Over Canada, Scandinavia, parts of midlatitude Europe, and the North Atlantic, the proxy and lig127k positive JJA temperature anomalies are in good agreement. The exceptions are in the northwestern North Atlantic and the Nordic Seas, where the Capron reconstruction (Capron et al., 2017) suggest significant cooling. The Capron reconstruction also provides evidence of significant positive DJF temperature anomalies over the Southern Ocean, which is not exhibited by the ensemble mean. These mismatches could be associated with regional ocean circulation changes not resolved by the models as well as meltwater from potential remnant ice sheets over Canada and Scandinavia as well as memory in the ocean of the H11 event (Govin et al., 2012; Marino et al., 2015), which the lig127k simulations do not incorporate. The latter would lead to cooling in the North Atlantic and warming in the Southern Ocean (Stone et al., 2016; Holloway et al., 2018).
The simulated annual temperature anomalies for the Greenland and Antarctic ice cores are cooler than the reconstructed values but generally fall within the 2σ uncertainties. The lig127k Tier 1 experiment protocol prescribed modern Greenland and Antarctic ice sheets rather than allowing them to evolve to smaller and lower ice sheets of the lig127k climate. A modeling study with the HadCM3 (a CMIP3 model) demonstrated that the distinctive peak in δ18O observed in Antarctic ice cores at 128 ka was likely due to the loss of winter sea ice in the Atlantic, Indian, and Pacific sectors of the Southern Ocean. To achieve this winter sea ice extent required forcing by the H11 meltwater event (Holloway et al., 2017, 2018). The CMIP6–PMIP4 Tier 2 LIG experiments (lig127k-H11, lig127-gris, lig127k-ais) will allow modeling groups to explore the effects of the H11 meltwater event and the Antarctic and Greenland ice sheets at their minimum LIG extent and lower elevations (Otto-Bliesner et al., 2017).
Other reasons for mismatches between the models and the reconstructions for temperature and precipitation will also be explored with CMIP6–PMIP4 Tier 2 LIG experiments. The CMIP6–PMIP4 Tier 2 lig127k-veg experiments will consider the sensitivity of the responses to prescribed boreal forests in the Arctic and shrub/savanna over the Sahara, separately and together. Incorporating these vegetation changes has been shown to impact the albedo and evapotranspiration on the surface energy and water budgets, reducing model and data mismatches at high latitudes (Swann et al., 2010) and for the North African monsoon (Pausata et al., 2016). Recent results show large changes in hydrology, with, e.g., the possible existence of an extensive river network across the Sahel and Sahara, therefore also pointing to the need to prescribe or model vegetation changes to capture regional feedbacks (Scussolini et al., 2020). Additionally, the CMIP6 models do not currently simulate changes to soil texture or color for different climate states. A previous modeling study suggests that soil feedback can drive the African monsoon northward during interglacials (Levis et al., 2004).

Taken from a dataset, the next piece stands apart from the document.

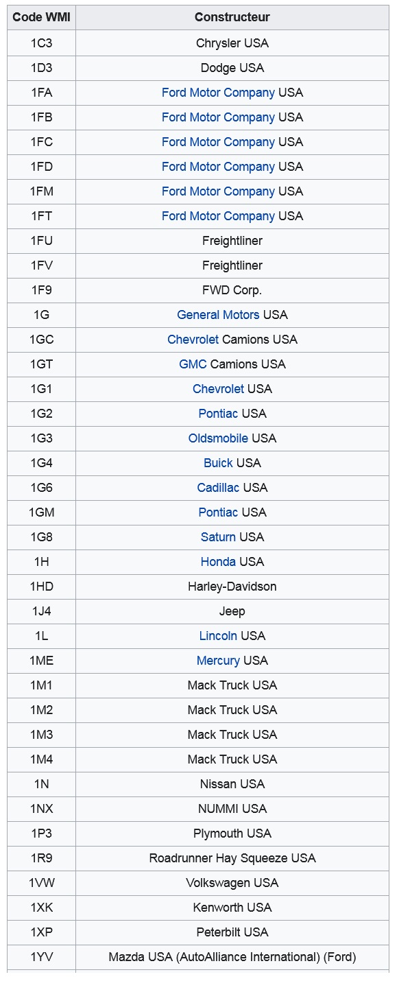 Aux USA on l'appelle VIN ( Véhicule Identification Number : numéro d'identification véhicule ) et parfois sérial number ( n° de série). Pour les modernes à partir de 1981 ils répondent à la même norme mondiale que les Européennes, numéro de série à 17 caractéres (voir plus haut). Pour les plus modernes il est visible derriére le pare-brise sur le tableau de bord. Le WMI : pour les USA comprend le code pays (1) puis le code constructeur G pour GM, F pour FORD, C pour CHRYSLER, D pour DODGE, enfin de la marque dans le groupe d'ou 1G1 pour GM Chevrolet, 1G2 pour GM Pontiac,1G3 pour GM Oldsmobile , etc.. Le VIN américain n'est pas qu'un simple numéro, le VDS et le VIS donnent les équipements de sécurité, le modéle précis, la version de moteur parfois la version de boite mais aussi l'année, l'usine d'assemblage et même bien plus. |

Temperature reconstructions are not available for many regions where the lig127k multi-model ensemble shows interesting responses to the lig127k forcing. These include the polar regions during their respective winter seasons: Arctic and North Atlantic oceans in DJF and the Southern Ocean and Antarctica in JJA. Development of terrestrial reconstructions for most continents and marine reconstructions for the Indian and Pacific oceans would be useful for assessing the model responses.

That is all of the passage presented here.